The Flawed Logic of "Motive Oversimplification"

Why do managers keep making this mistake? The researchers point to a cognitive bias they call "motive oversimplification." This occurs when a manager takes one true trait about an employee—say, their passion for their main job—and falsely assumes it applies to everything else about them. 


When faced with unplanned work, managers quickly narrow their choices down to a few people and decide on the spot, rarely checking if that same person handled the last few extra assignments. They mistakenly believe that an employee's enthusiasm will act as a shield against burnout. 


The data proves this assumption dead wrong. When asked to take on tedious, unrelated tasks, the enjoyment of enthusiastic employees plummeted from 5.19 to 2.49 (on a 7-point scale). Meanwhile, less invested coworkers experienced a much smaller dip in satisfaction. 


More importantly, enthusiasm offered no protection against exhaustion. Both the enthusiastic and the less invested employees reported nearly identical burnout scores (4.86 vs. 4.93) when saddled with the extra work. Passion alone cannot soften the burden of an overloaded plate.

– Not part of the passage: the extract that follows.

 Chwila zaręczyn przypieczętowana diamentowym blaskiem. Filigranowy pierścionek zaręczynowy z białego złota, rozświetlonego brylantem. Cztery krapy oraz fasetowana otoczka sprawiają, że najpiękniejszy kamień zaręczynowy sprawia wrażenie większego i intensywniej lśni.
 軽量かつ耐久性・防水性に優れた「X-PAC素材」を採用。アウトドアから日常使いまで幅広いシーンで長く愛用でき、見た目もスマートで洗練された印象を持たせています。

The High Cost of an Uneven Workload

Left to their own devices, managers rarely break this habit. When researchers observed real managers making delegation choices over a full workweek, they still assigned extra work to the enthusiastic employee 61% of the time, even on their most "balanced" days.


This persistent unevenness comes at a steep price. When enthusiastic employees are given an unfair share of extra work, their likelihood of looking for a new job jumps by nearly 40%. (Conversely, overworking less invested employees doesn't significantly change their turnover intentions). Ultimately, the company loses the exact people it can least afford to lose.

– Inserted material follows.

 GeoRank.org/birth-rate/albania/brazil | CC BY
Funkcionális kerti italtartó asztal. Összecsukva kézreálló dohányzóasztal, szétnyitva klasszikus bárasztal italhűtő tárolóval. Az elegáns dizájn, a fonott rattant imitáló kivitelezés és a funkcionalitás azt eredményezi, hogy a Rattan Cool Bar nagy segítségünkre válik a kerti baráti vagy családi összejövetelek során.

Furthermore, financial incentives don't even mitigate the damage. In one experiment, even when an enthusiastic employee's bonus was tied to their core performance, they missed the mark 69% of the time. Their actual work didn't suffer in quality; they simply ran out of time because their manager had siphoned off their capacity for unrelated tasks.


Two Simple Fixes

Reversing this destructive pattern doesn't require complex new HR software or heavy administrative overhead. The researchers identified two simple, highly effective interventions:


1. **Batch assignments:** Instead of doling out extra tasks one by one as they arise, managers should assign all anticipated extra work at once. This forces them to see the cumulative burden and stops them from defaulting to the same person.

2. **Educate on burnout:** Simply providing managers with a brief, clear explanation that loving a job does not make an employee immune to burnout drastically changes their behavior. After reading this, managers chose the enthusiastic employee no more often than a coin flip.

Crucially, both of these interventions must be applied *before* the delegation decision is made. Once the extra work is assigned, the damage to the employee left holding the bag is already done.